Any picture in the material should be left out, while all other lines are copied exactly.

PROVIDED MATERIAL:
"""
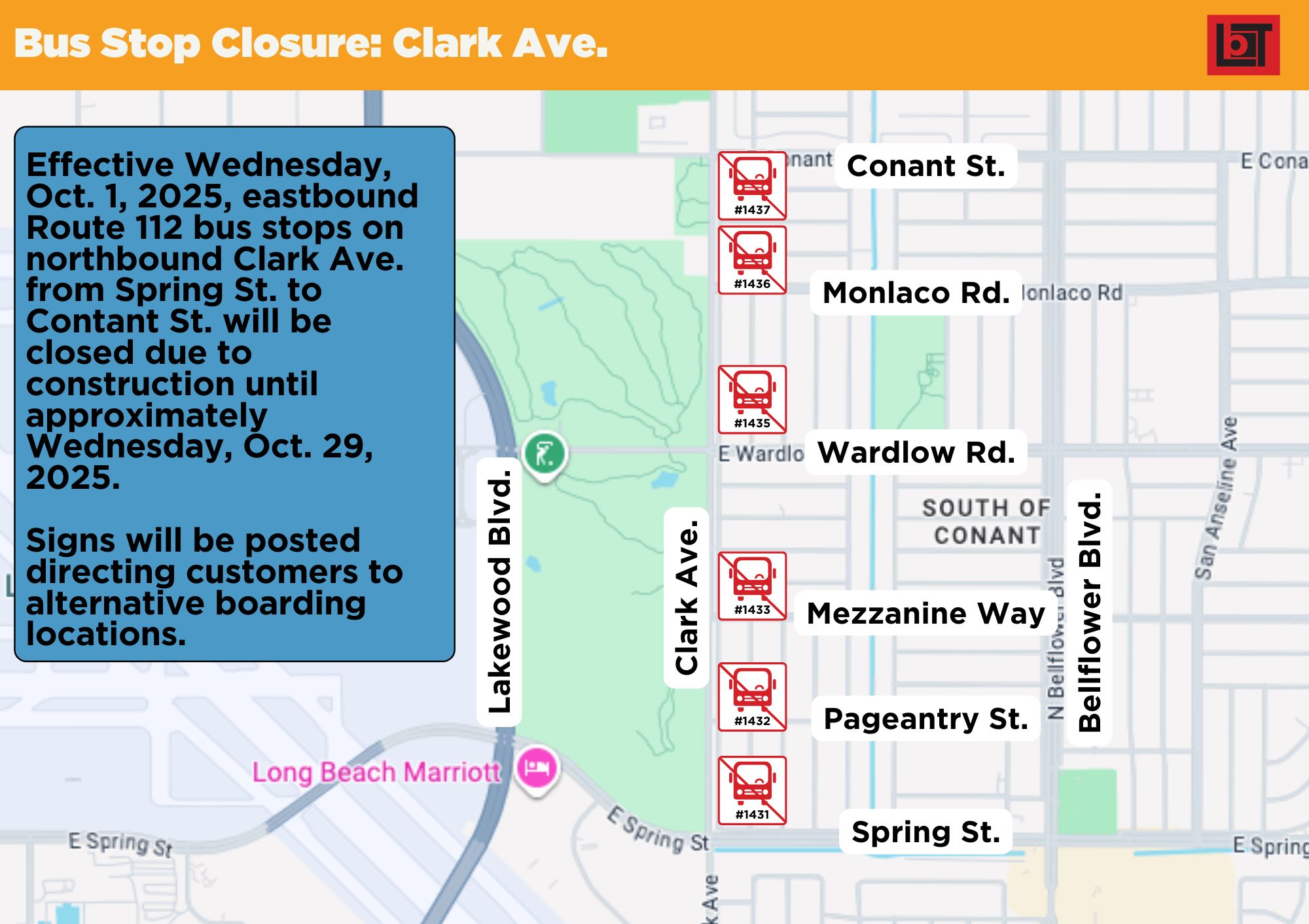 Bus Stop Closure - Bus Stop Closure – Clark Ave. 10/1/25 - ridelbt.com Long Beach Transit
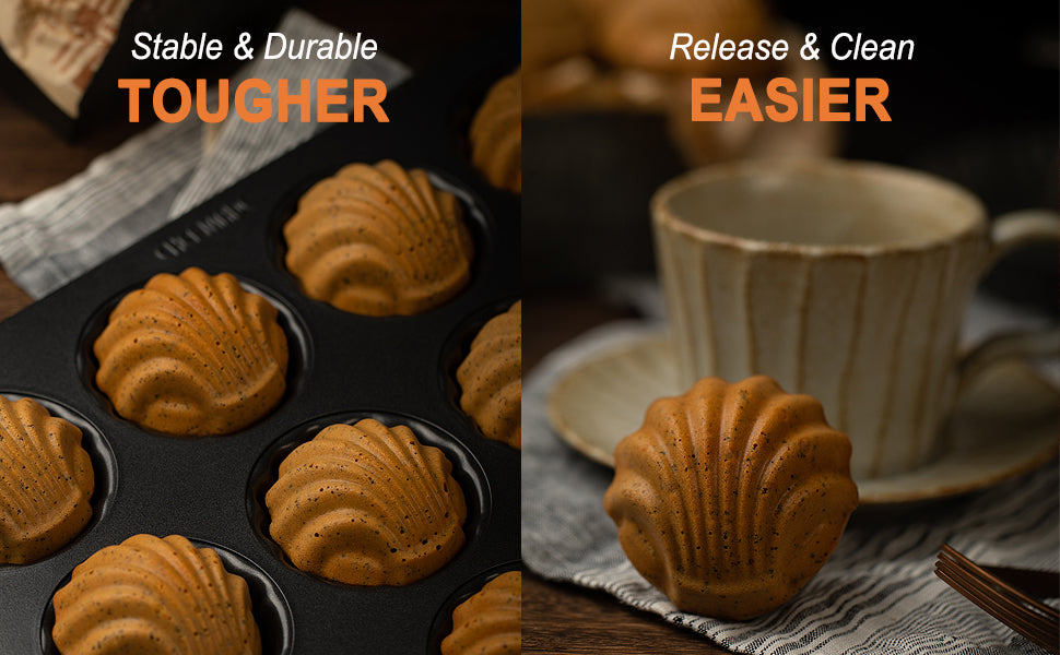 Chefmade學廚WK9872黑色12連日式貝殼瑪德琳蛋糕模Madeline Cake Pan Spherical Shell-Shaped 12 Well
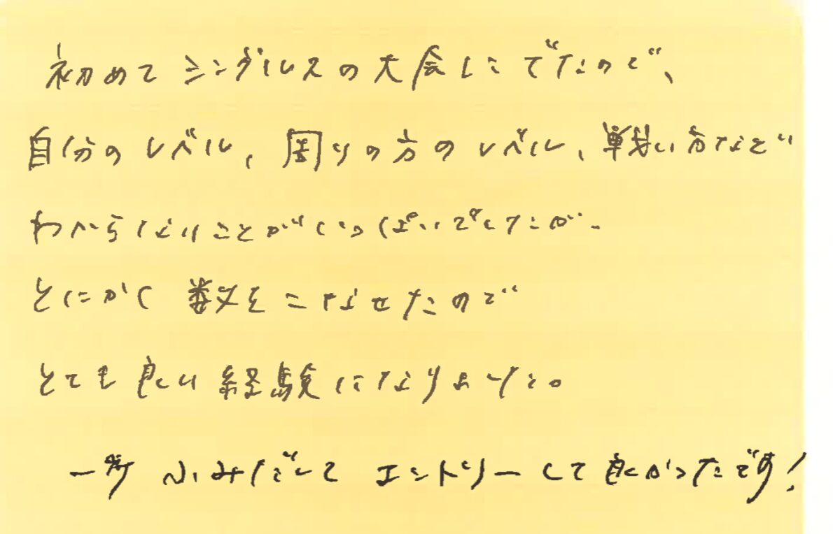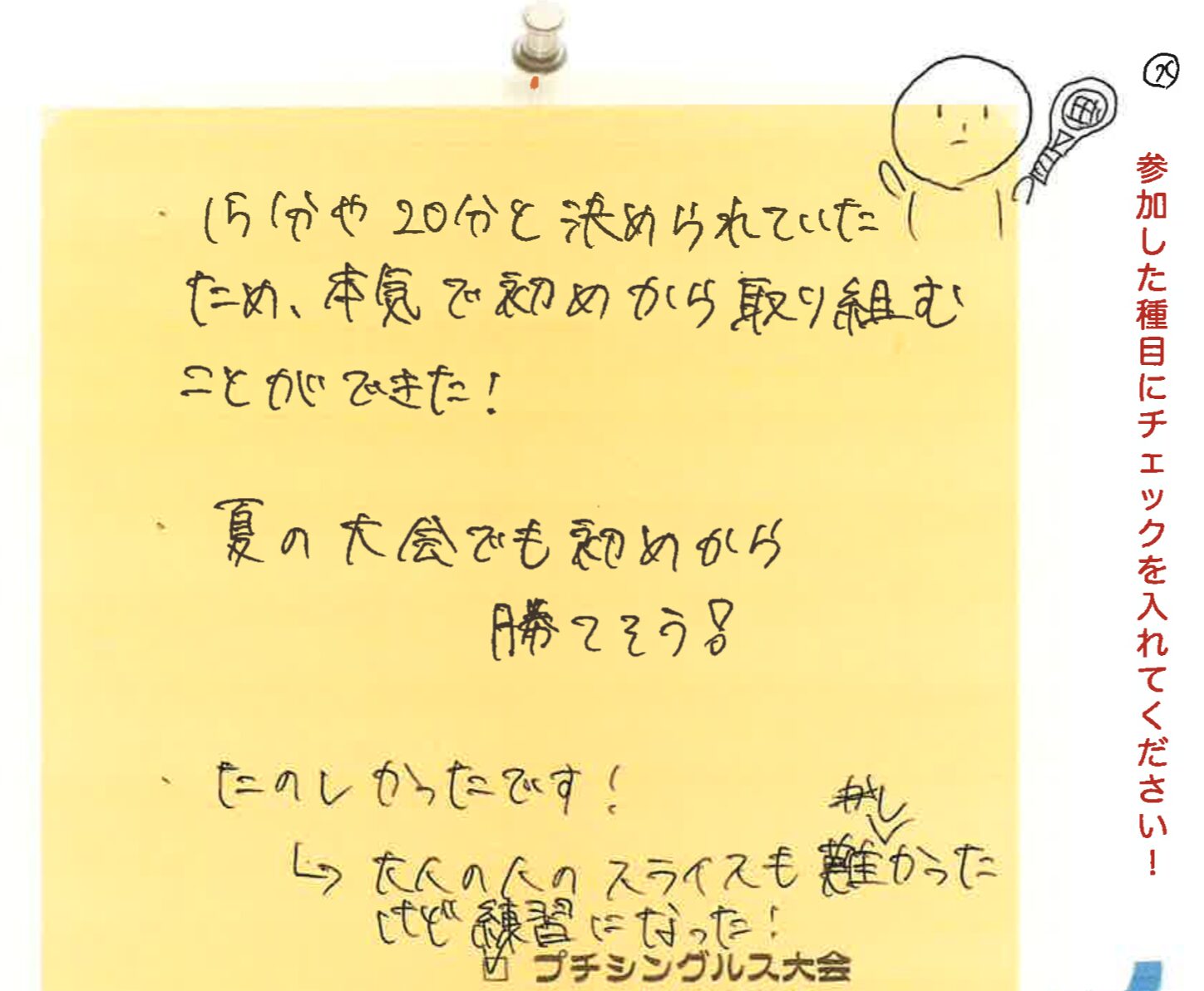 6月7日から6月9日にかけてのプチシングルス大会・プチダブルス大会の写真と優勝者のご紹介、そして感想です!
"""
ANSWER SPACE:
 Bus Stop Closure - Bus Stop Closure – Clark Ave. 10/1/25 - ridelbt.com Long Beach Transit
 Chefmade學廚WK9872黑色12連日式貝殼瑪德琳蛋糕模Madeline Cake Pan Spherical Shell-Shaped 12 Well
 6月7日から6月9日にかけてのプチシングルス大会・プチダブルス大会の写真と優勝者のご紹介、そして感想です!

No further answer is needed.